The questions he asks are concerning the Creator. “Who is He that hath ascended up into heaven and descended? Who hath gathered the wind in His fists? Who hath bound the waters in a garment? Who hath established all the ends of the earth? What is His Name, and what is His Son’s Name, if thou canst tell?” He knows there is a Creator. He cannot question the eternal power and Godhead, which alone can account for this ordered universe. He has not, like many thinkers, ancient and modern, dropped a plummet down the broad deep universe, and cried, No God. He knows there is a God; there must be an intelligence abled to conceive, coupled with power able to release this mighty mechanism. But Who is it? What is His Name or His Son’s Name? Here are the footsteps of the Creator; but where is the Creator Himself? (Expositor’s Bible) By searching God cannot be found out; the fullest answer is given in the New Testament. We are reminded of John 3:13 . We know Him who has ascended, because He descended from heaven; Who is the Lord and Creator of all, now in God’s presence as the glorified man, and some day He who ascended into heaven will descend again.

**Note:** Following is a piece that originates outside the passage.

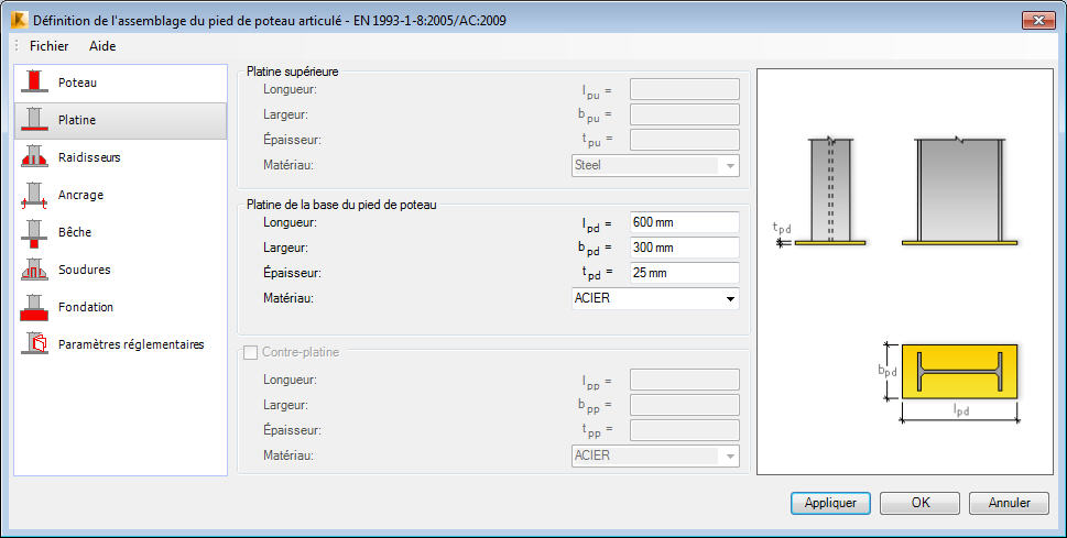 Sur l'onglet Platine, il est possible de définir les paramètres géométriques de base de l'assemblage :

That in the next place the Word of God is mentioned, that is the written revelation of God, is not without meaning. Man needs this revelation to know the Lord, and have the question answered which human speculation and scientific research can never answer. On account of the statement “add thou not unto His words” critics have surmised that the canon of the Old Testament must have been completed when this chapter was written. They have put the date long after the exile. But such a conclusion is unwarranted. God had commanded long before that nothing should be added to His words Deuteronomy 4:22 ). The prayer of Agur in Proverbs 30:7-9 is closely linked with the foregoing verses. He prays for deliverance from vanity and lies, that he may have a true and honest heart, so necessary for the reception of the truth of God; then he prays to have neither poverty nor riches. Poverty might induce to steal and take the name of God in vain, then His Word would be rejected by him; and riches would mean the same, as it might lead him to say, Who is the Lord?

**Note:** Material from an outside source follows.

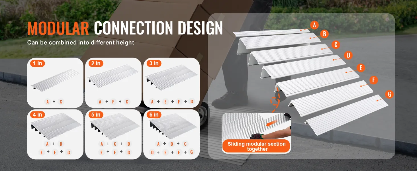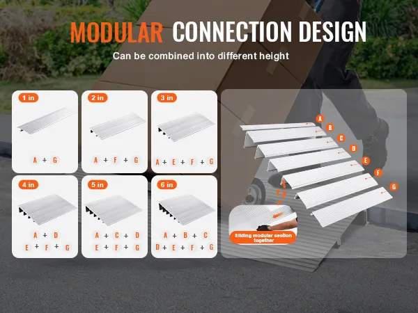 Dit is met name het geval bij de VEVOR deurdrempelhelling vanwege het modulaire ontwerp. Dit betekent dat u eenvoudig meerdere eenheden kunt verbinden. Schuif en voeg ze gewoon samen om het gebied te vergroten of de helling te verkleinen. Het is perfect voor verschillende omgevingen. U kunt het in deuropeningen, over trappen of overal waar u een soepele overgang nodig hebt, plaatsen. De modulaire stijl zorgt ervoor dat we de helling kunnen aanpassen aan uw specifieke behoeften. Die flexibiliteit maakt dit gereedschap ongelooflijk veelzijdig voor het overwinnen van hoogteverschillen. Bovendien heeft de helling een gemakkelijke opslagcapaciteit. Omdat de modulaire aard van onze helling ook opslag en transport mogelijk maakt, kunt u hem opsplitsen in kleinere eenheden voor gemakkelijk dragen en opbergen.

The proverb in the form of a command in Proverbs 30:10 is isolated from the trend of thought in this chapter. The first quatrain comes next in Proverbs 30:11-14 . Four times the word generation is used, describing the classes of people frequently mentioned in the preceding chapters of proverbs. Then follow four things which are insatiable. The climax is reached gradually. The horseleach (or vampire) has two daughters by name of “Give.” Even so is the poor heart of man; and there are three and four things of the same character; the unseen regions into which disembodied spirits are going day after day, year after year; the barren womb; the earth upon which rain descends yet is never filled with water, and the fourth thing, the fire, which never saith, it is enough, which consumes till nothing is left. These unsatiable things mentioned are symbolical of the condition of the natural man, always taking in yet always, restless and never satisfied. Then there are four things inscrutable: The way of the eagle in the air; the way of the serpent on a rock; the way of a ship in the midst of the ocean; and the way of a man with a maid Proverbs 30:18-33 ).

Four disquieting things are given in Proverbs 30:21-23 . In Proverbs 30:24-28 the four little things, yet wise, are pictured. They are the ants, the conies, the locusts and the lizard (not spider as in the A.V.). Here are lessons for man: the sluggard, the fool, the evil man, and other characters touched upon in proverbs are put to shame by the sagacity of these little things. Four graceful things conclude these sayings: A lion, a greyhound, an he-goat and a king, against whom there is no rising up. So may the righteous man act. Bold as a lion, swift as the greyhound to carry out the Lord’s will in the Lord’s service, climbing the steeps like the he-goat, and always victorious like a king undefeated. We see that these statements of Agur have a definite bearing upon the entire book of Proverbs inasmuch as they restate and illustrate the different characters, such as the ungodly, the unwise, the fool, the sluggard, the proud, the righteous, the godly, the humble, etc., mentioned in the book. Agur’s message ends with a word of counsel to exercise self-restraint.